• _Task brief_:
Word for word, give the data again without its pictures.

• _Source data_:
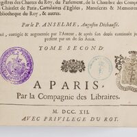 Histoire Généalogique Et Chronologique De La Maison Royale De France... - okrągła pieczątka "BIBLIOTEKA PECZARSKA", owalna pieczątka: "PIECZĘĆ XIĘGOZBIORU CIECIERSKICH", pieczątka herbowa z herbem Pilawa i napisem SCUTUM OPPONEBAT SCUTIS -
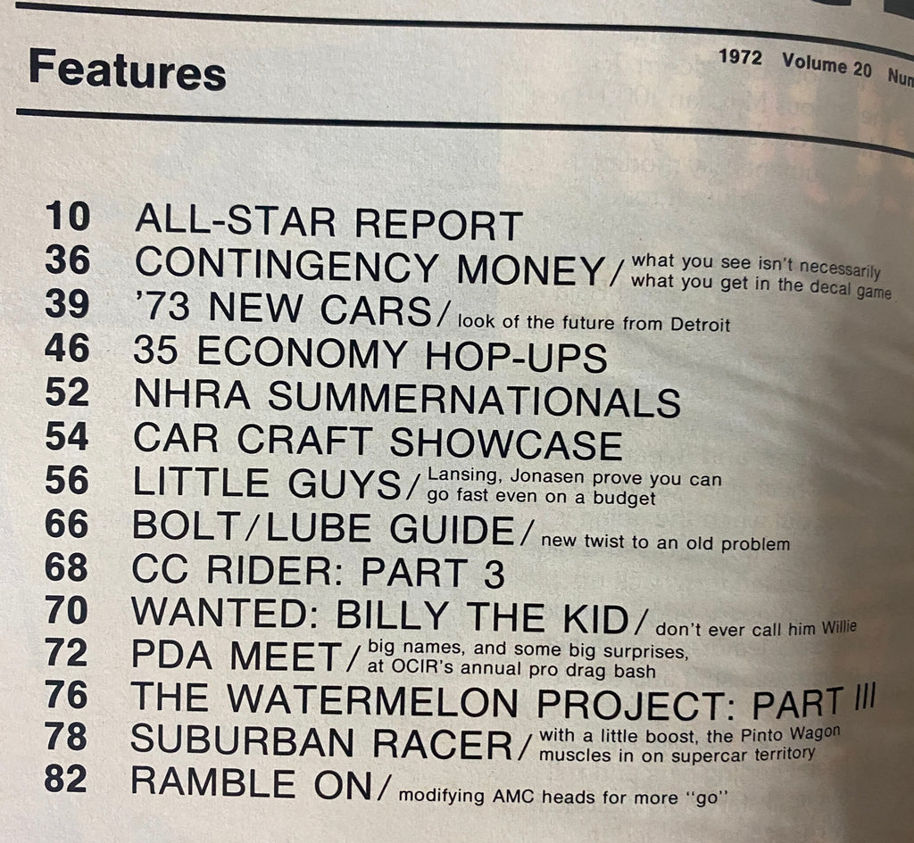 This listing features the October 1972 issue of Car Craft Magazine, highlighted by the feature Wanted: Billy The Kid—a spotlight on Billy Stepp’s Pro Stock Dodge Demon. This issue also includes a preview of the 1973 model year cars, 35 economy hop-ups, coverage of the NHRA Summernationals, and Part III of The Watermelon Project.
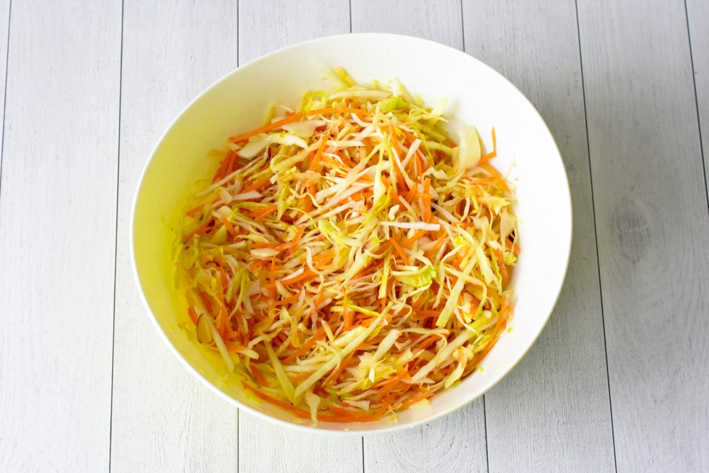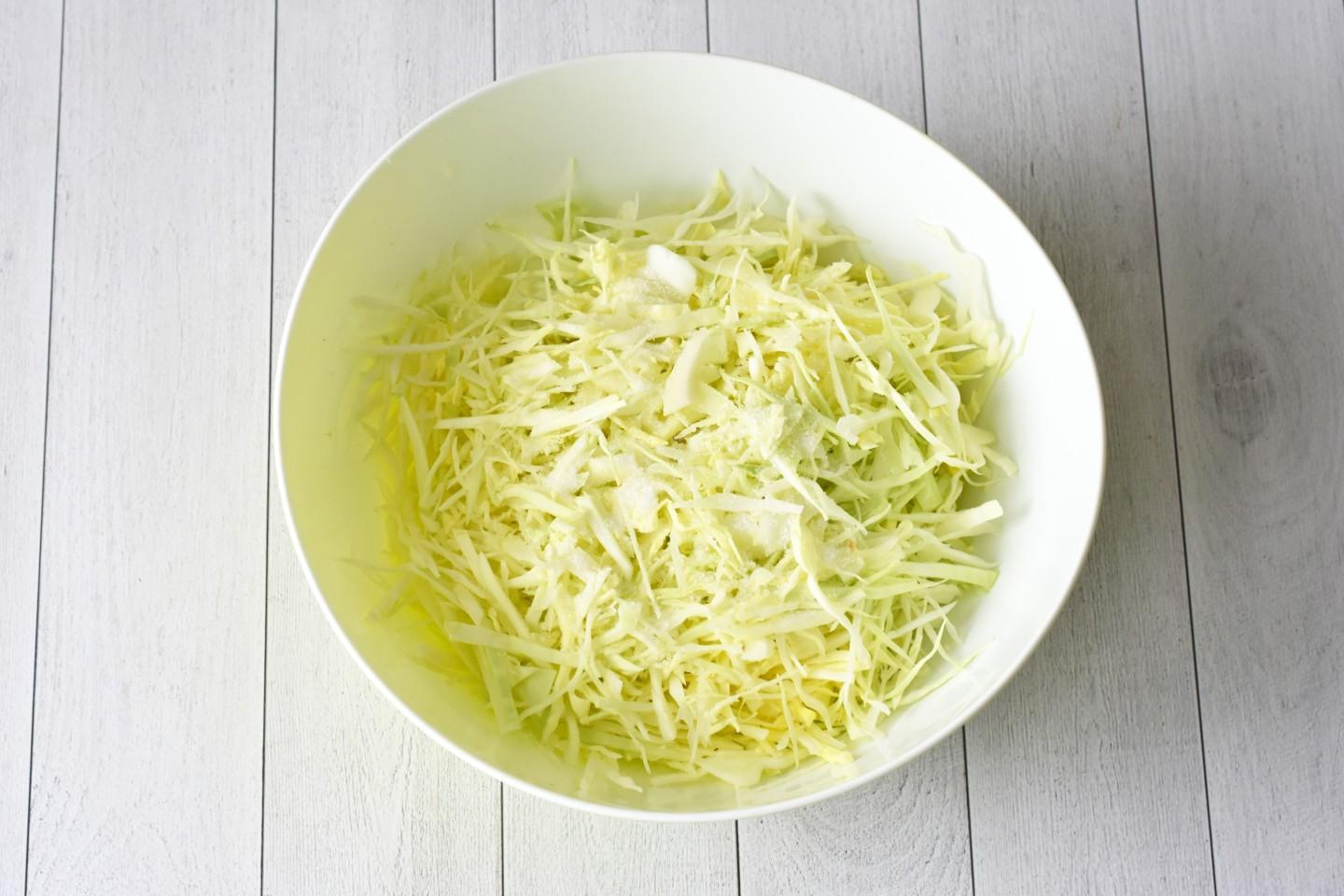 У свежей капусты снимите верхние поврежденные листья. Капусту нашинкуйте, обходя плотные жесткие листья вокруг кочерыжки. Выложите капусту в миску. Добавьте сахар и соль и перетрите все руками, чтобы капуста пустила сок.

• _Solved problem_:
 Histoire Généalogique Et Chronologique De La Maison Royale De France... - okrągła pieczątka "BIBLIOTEKA PECZARSKA", owalna pieczątka: "PIECZĘĆ XIĘGOZBIORU CIECIERSKICH", pieczątka herbowa z herbem Pilawa i napisem SCUTUM OPPONEBAT SCUTIS -
 This listing features the October 1972 issue of Car Craft Magazine, highlighted by the feature Wanted: Billy The Kid—a spotlight on Billy Stepp’s Pro Stock Dodge Demon. This issue also includes a preview of the 1973 model year cars, 35 economy hop-ups, coverage of the NHRA Summernationals, and Part III of The Watermelon Project.
 У свежей капусты снимите верхние поврежденные листья. Капусту нашинкуйте, обходя плотные жесткие листья вокруг кочерыжки. Выложите капусту в миску. Добавьте сахар и соль и перетрите все руками, чтобы капуста пустила сок.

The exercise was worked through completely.